Les critères de choix adaptés à nos sentiers
Les sentiers du Haut-Languedoc ne sont ni l’Himalaya ni de simples balades de plaine. Ils imposent donc un compromis subtil dans le choix du bâton, articulé autour de quatre critères principaux :
- Poids
- Matériau
- Longueur et réglage
- Poignée et dragonnes
1. Poids : limiter la fatigue
Un bâton léger pèse généralement entre 150 et 250 grammes pièce. Sur un chemin souple et peu accidenté, inutile d’opter pour un modèle ultra-léger en carbone réservé aux trailers, ni de supporter un bât de marche nordique surdimensionné. Un bâton à 200g pièce en aluminium offre un excellent compromis : il absorbe bien les vibrations sans basculer dans la fragilité, tout en restant abordable (source : Trek Magazine, dossier “Spécial Matériel”).
2. Matériau : résistance et confort
| Matériau |
Avantages |
Inconvénients |
| Aluminium |
Résistant, prix accessible, réparabilité sur le terrain |
Légèrement plus lourd, absorbe moins les chocs |
| Carbone |
Ultra-léger, amorti accru |
Fragile en flexion, prix élevé, cassure nette en cas de choc |
| Composite |
Bon compromis poids/résistance |
Moins courant, prix variable |
Sur les chemins mixtes d’ici, l’aluminium a la préférence des utilisateurs réguliers. Seuls les marcheurs très engagés, à la recherche du moindre gramme, privilégient le carbone, mais il supporte mal les chocs latéraux (expérience partagée dans le groupe Facebook “Randonnées en Haut-Languedoc”).
3. Longueur et réglage : l’ajustement, clef du confort
- Longueur fixe : Idéale pour les usages répétés sur terrains réguliers. Les modèles varient de 105 à 135 cm selon la taille du marcheur (la formule classique : taille de l’utilisateur x 0,68).
- Longueur réglable : Recommandée sur nos sentiers alternant montées et descentes courtes. Ajuster la hauteur de son bâton permet de gagner en efficacité, en relevant le bâton d’environ 5 à 10 cm dans les descentes et en le baissant sur les montées raides.

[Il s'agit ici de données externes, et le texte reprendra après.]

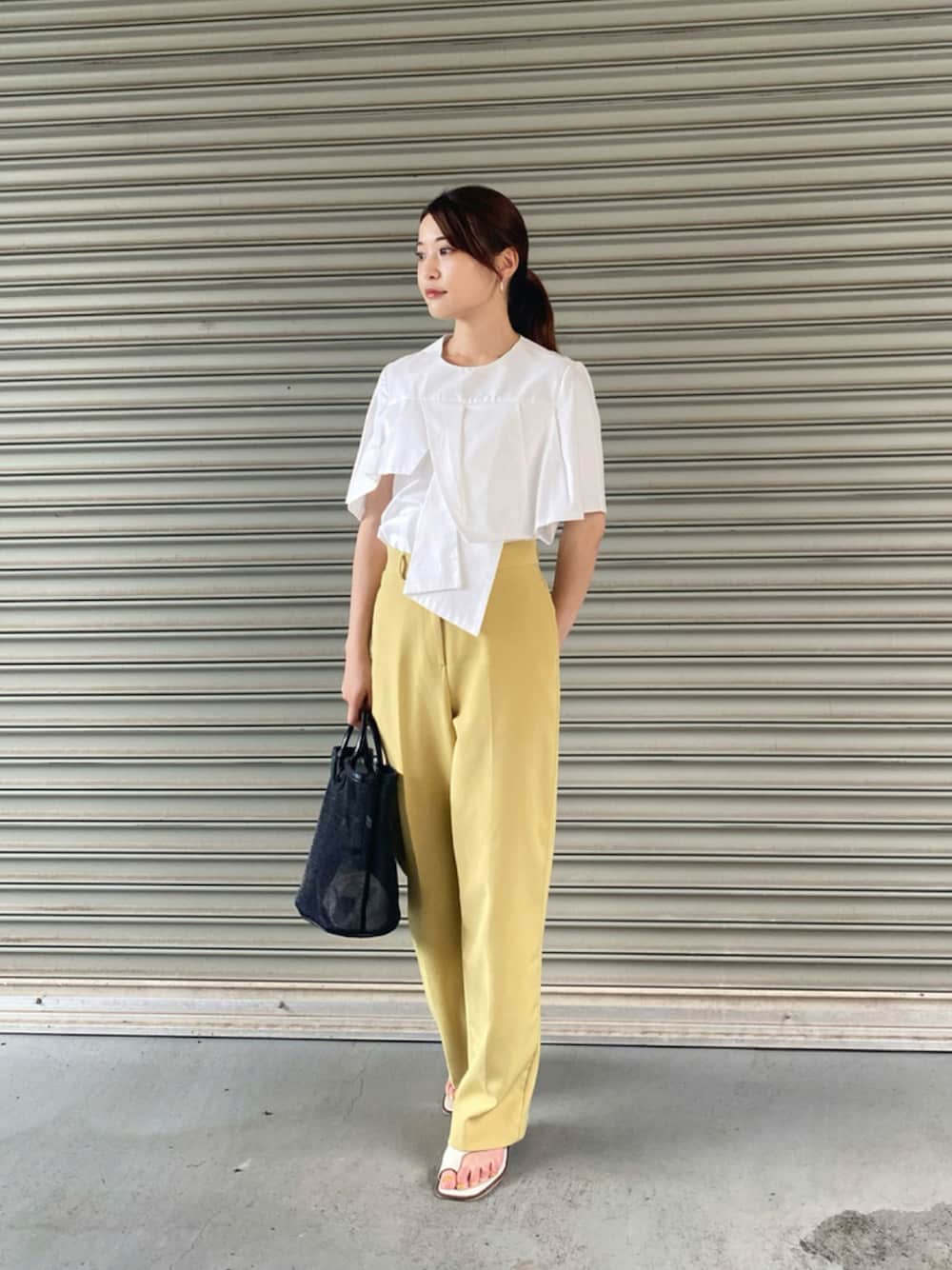 変型の白Tにはカラーパンツでシンプルすぎないコーデに🧡💛
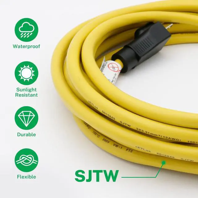 Bright yellow cord makes identification easy, even outdoors or in low-light settings, helping to prevent tripping and misplacement
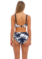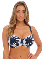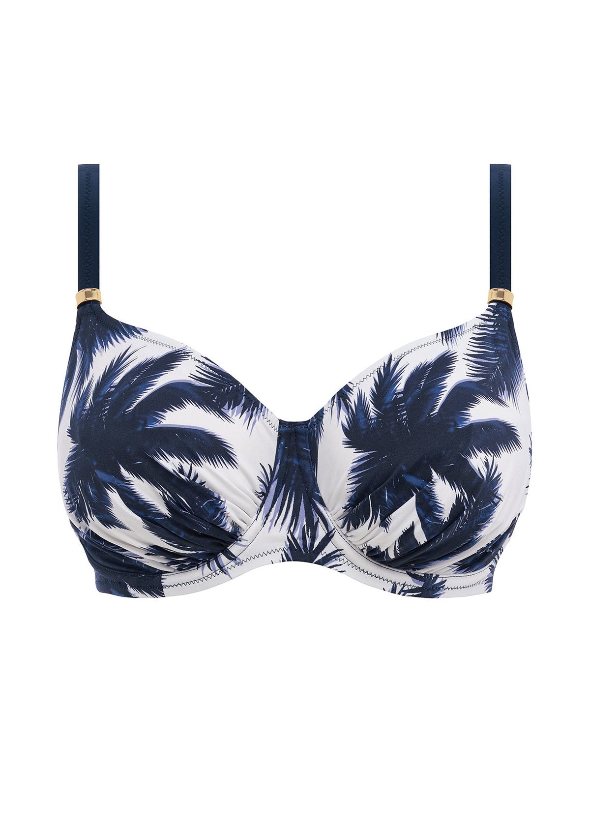 Make a splash with Fantasie's Carmelita Avenue Full Cup Bikini Top. Gathered cups flatter every shape while full coverage ensures support and a forward profile. Adorned in a print inspired by the palm trees of Beverly Hills in a French Navy colourway against a crisp white backdrop.
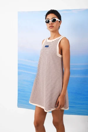 The Salt Skin Dress is a lightweight sleeveless mini with a relaxed A-line silhouette. Crafted from soft, breathable fabric, it features fine horizontal stripes, contrast trims and a clean round neckline. Easy to wear and effortlessly flattering, it offers comfort and movement, perfect for warm days, seaside escapes, or casual city styling.
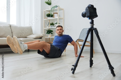 Man athlete blogger records exercise training on the body at home on camera, sports blogger bodybuilder, the concept of health and beauty
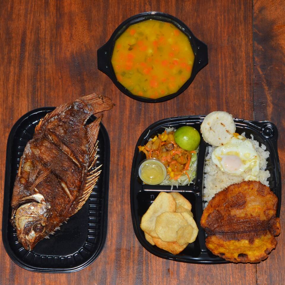 Tilapia frita de 400 gramos, acompañada con arroz, ensalada, huevo, papas fritas, plátano maduro, arepa. Puedes pedirlo con frijoles o con la sopa de tu preferencia.
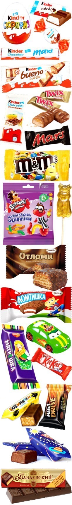 Шоколадка "Аленка" (1 шт), Жареный арахис с карамелью (1 шт), Ирисный батончик (1 шт), Фруктовое желе в шоколаде (1 шт), Мягкий грильяж (1 шт), Трюфели (1 шт), "Ореховая роща" (1 шт), Конфеты "Мишка косолапый" (1 шт), Конфеты "Петушок" (1 шт), Конфеты "Нива" (1 шт), Конфеты "Маска" (1 шт), Конфеты "Аленка"  (1 шт), Конфеты "Кара-кум" (1 шт), Конфеты "Toффи" (1 шт), Конфеты "Ну-ка отними" (1 шт)

- Système de pliage : Les bâtons télescopiques à verrouillage externe, de type “Speed Lock”, affichent une robustesse supérieure aux modèles à serrage par bague interne, surtout sur terrain humide.
Petit détail vécu : sur les drailles caillouteuses des crêtes du Poujol, un mauvais réglage ou un verrouillage faiblard peut transformer le bâton en ustensile inerte, voire dangereux. Un modèle fiable et simple à régler paye d’innombrables fois sur la durée.

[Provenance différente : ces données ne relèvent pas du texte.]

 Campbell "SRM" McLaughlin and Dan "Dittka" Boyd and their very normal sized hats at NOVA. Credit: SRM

4. Poignée et dragonne : ne pas négliger le confort en main
- Poignée mousse EVA : Excellente évacuation de la sueur. Adhérence sécurisante, même sous la pluie.
- Liège : Bonne absorption de la transpiration, sensation naturelle, mais prix plus élevé et peut s’user plus vite.
- Plastique dur : À proscrire pour une utilisation supérieure à une heure : inconfort, risque d’ampoule.
Quant aux dragonnes, il vaut mieux choisir un modèle réglable, rembourré dans l’idéal, qui ne cisaille pas le poignet après deux heures de randonnée. Un ajustement précis évite bien des gênes, notamment lors des marches descendantes où la pression s’accentue.